(Beginning of Stored data)

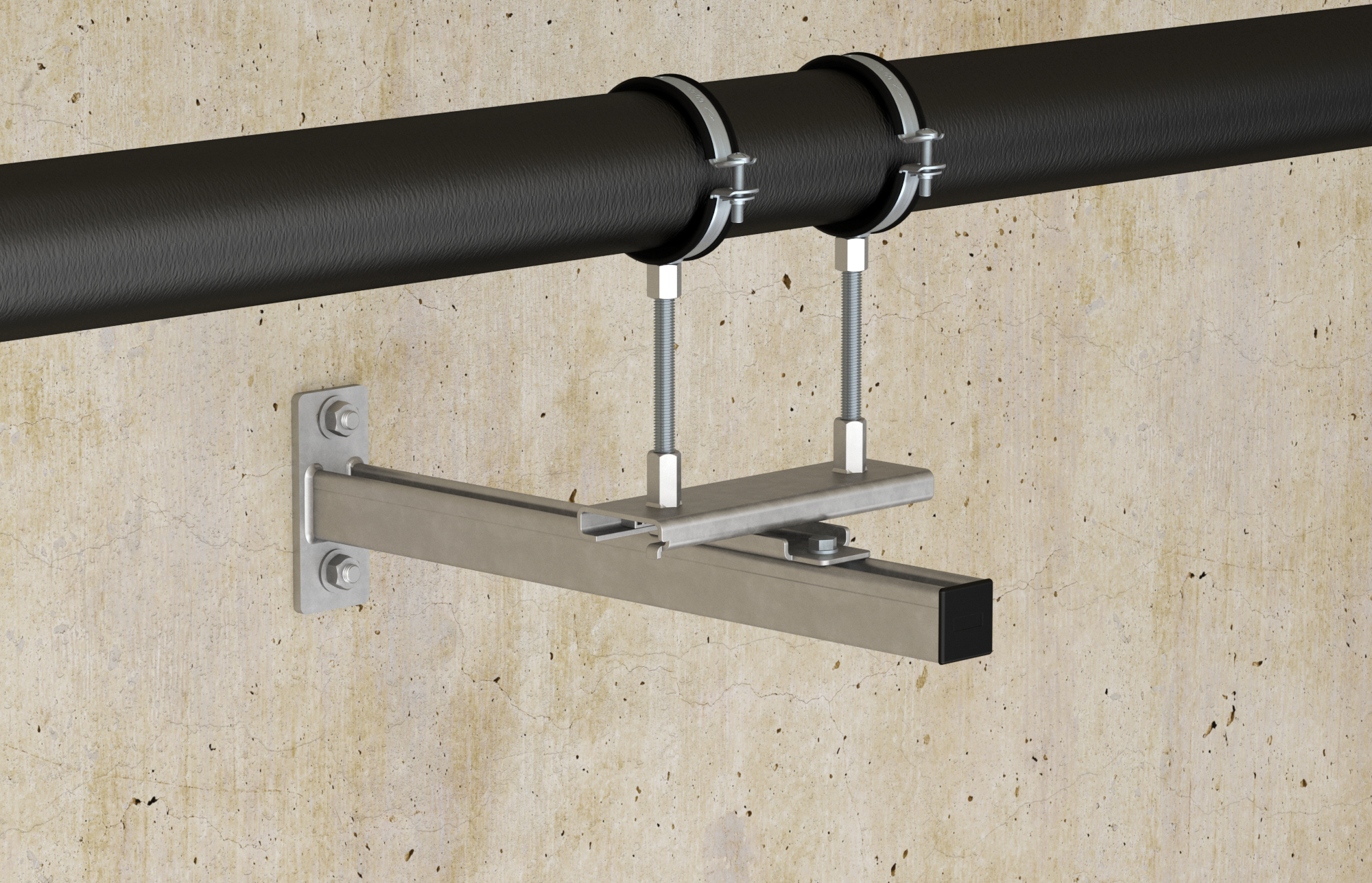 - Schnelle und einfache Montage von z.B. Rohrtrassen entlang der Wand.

(End of Stored data)
(Beginning of Stored data)

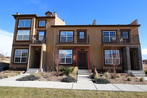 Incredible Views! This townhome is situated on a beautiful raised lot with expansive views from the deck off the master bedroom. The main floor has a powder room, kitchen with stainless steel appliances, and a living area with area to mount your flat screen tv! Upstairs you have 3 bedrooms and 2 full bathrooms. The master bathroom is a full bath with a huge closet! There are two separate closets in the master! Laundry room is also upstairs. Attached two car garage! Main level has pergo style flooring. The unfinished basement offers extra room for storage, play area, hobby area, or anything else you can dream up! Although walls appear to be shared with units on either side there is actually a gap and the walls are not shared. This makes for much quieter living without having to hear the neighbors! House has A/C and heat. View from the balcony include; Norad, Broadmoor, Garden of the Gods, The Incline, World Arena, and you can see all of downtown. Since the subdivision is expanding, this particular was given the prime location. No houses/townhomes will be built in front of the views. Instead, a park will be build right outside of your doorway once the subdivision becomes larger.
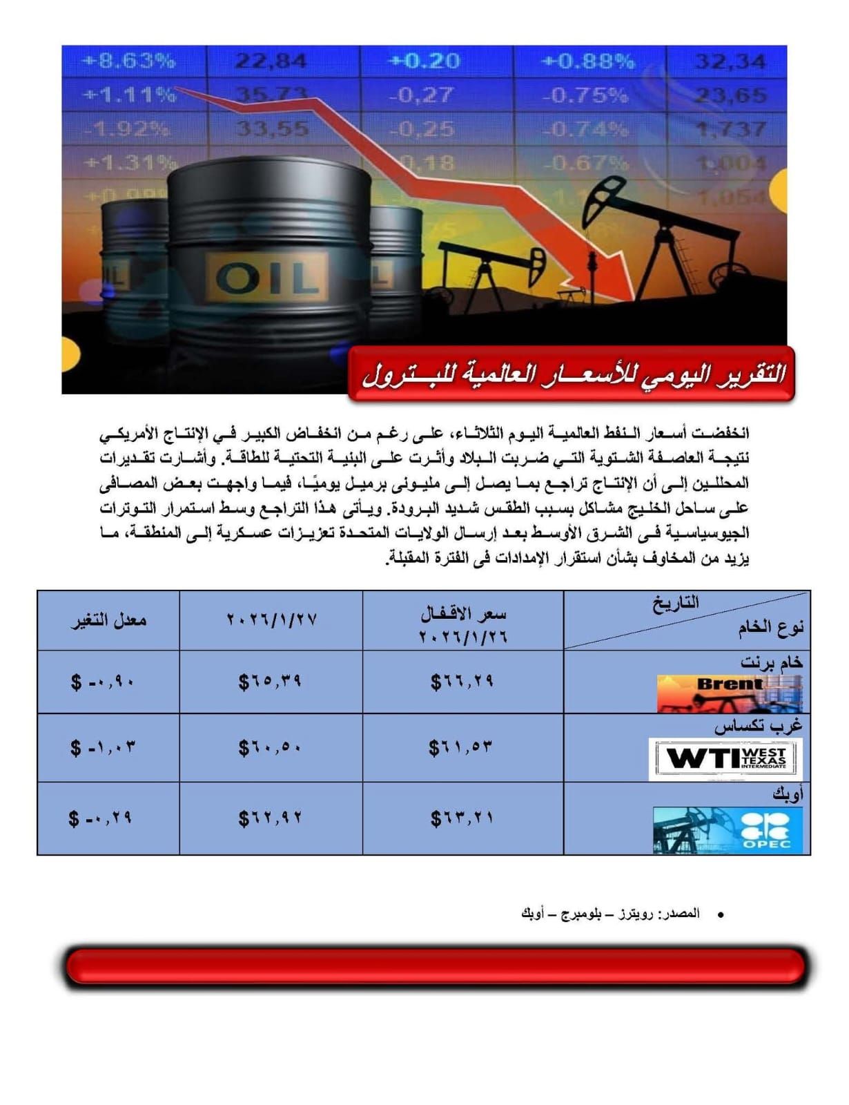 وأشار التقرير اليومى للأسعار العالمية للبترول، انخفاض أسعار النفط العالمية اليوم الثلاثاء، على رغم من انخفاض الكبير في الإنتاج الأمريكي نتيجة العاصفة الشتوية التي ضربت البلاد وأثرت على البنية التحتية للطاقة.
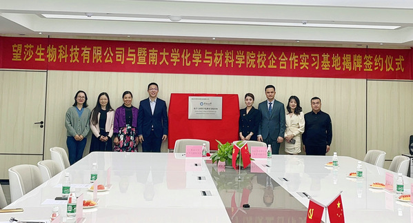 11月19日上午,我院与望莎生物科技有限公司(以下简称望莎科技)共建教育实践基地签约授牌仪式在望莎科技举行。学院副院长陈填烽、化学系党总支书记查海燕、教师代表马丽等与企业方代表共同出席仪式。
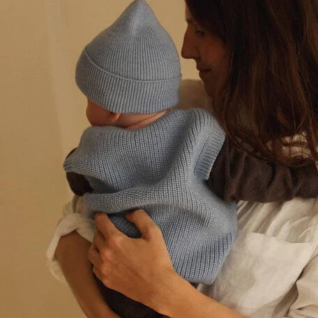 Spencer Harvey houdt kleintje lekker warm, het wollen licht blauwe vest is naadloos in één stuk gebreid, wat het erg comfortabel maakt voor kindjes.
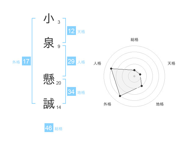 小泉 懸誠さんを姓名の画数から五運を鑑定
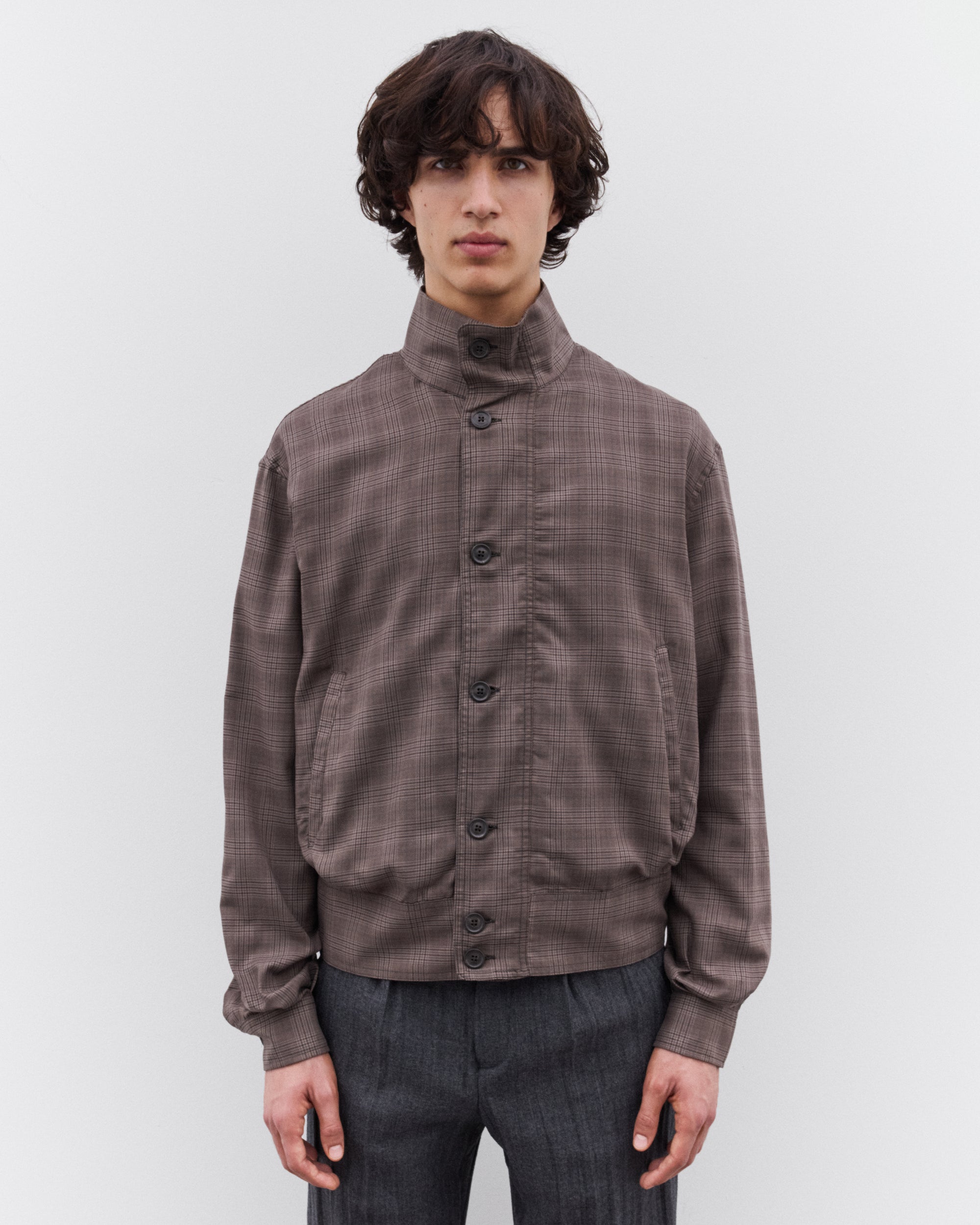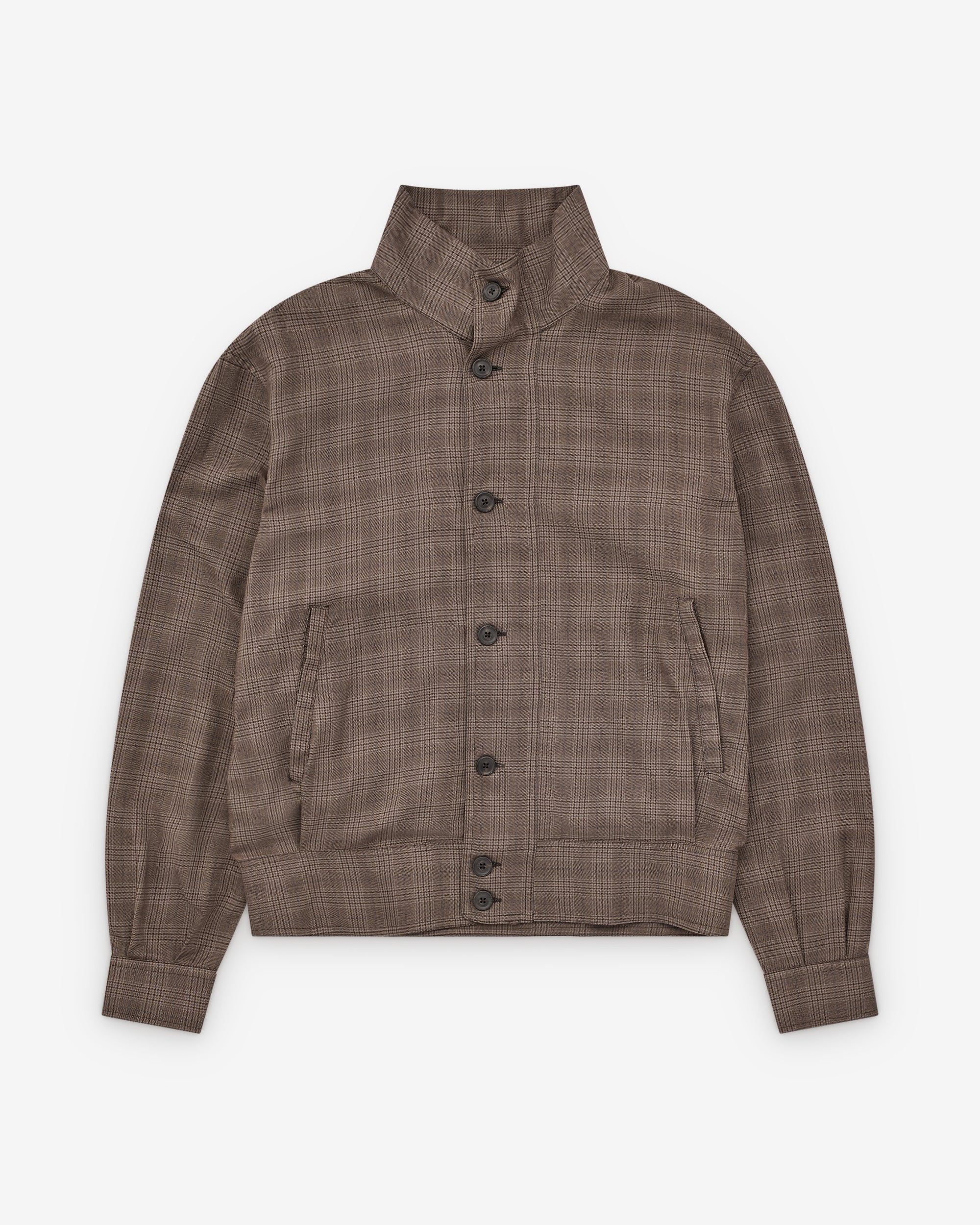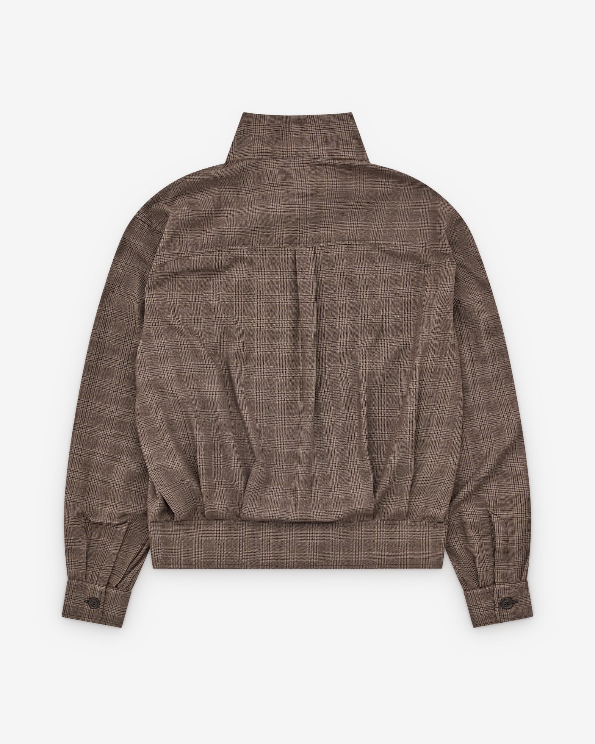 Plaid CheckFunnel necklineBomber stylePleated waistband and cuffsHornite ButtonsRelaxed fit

(End of Stored data)
(Beginning of Stored data)

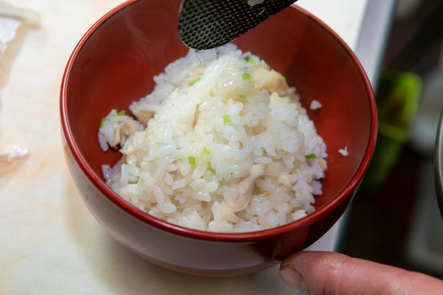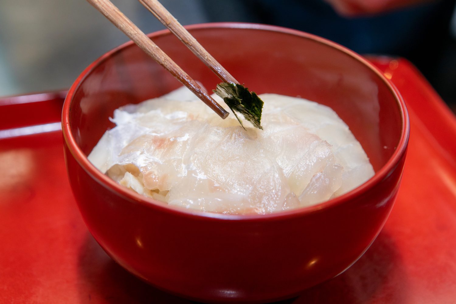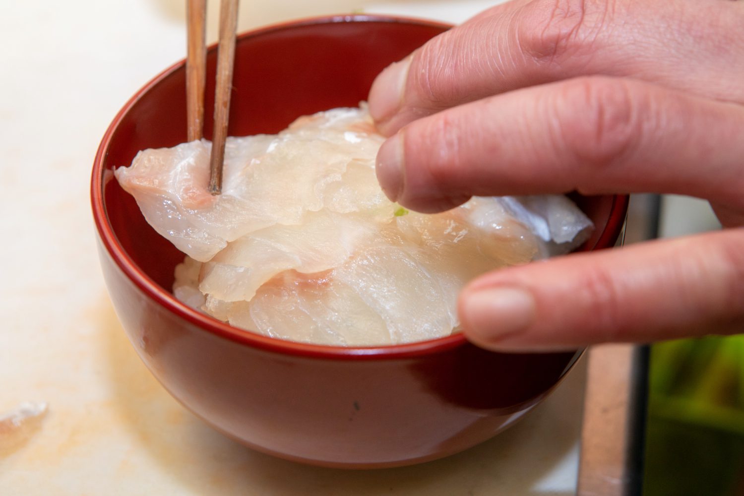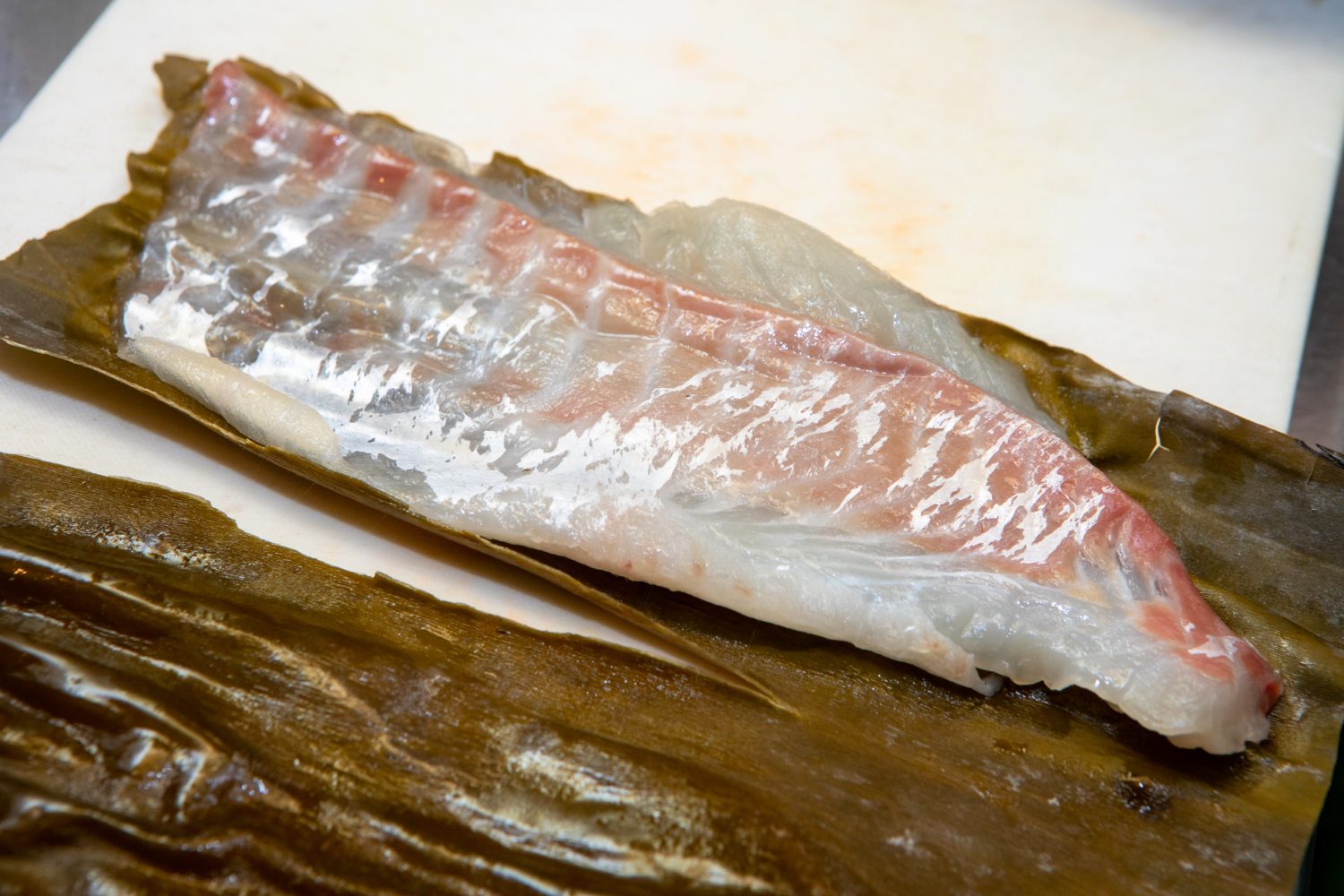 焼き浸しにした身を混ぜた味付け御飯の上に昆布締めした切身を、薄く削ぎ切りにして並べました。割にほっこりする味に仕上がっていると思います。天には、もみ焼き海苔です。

(End of Stored data)

*Your instructions*
A word-for-word reproduction is needed of the lines above from the line containing "Spencer Harvey houdt" through the line containing "Plaid CheckFunnel necklineBomber", with both ends kept and no pictures.

*Final answer*
 Spencer Harvey houdt kleintje lekker warm, het wollen licht blauwe vest is naadloos in één stuk gebreid, wat het erg comfortabel maakt voor kindjes.
 小泉 懸誠さんを姓名の画数から五運を鑑定
 Plaid CheckFunnel necklineBomber stylePleated waistband and cuffsHornite ButtonsRelaxed fit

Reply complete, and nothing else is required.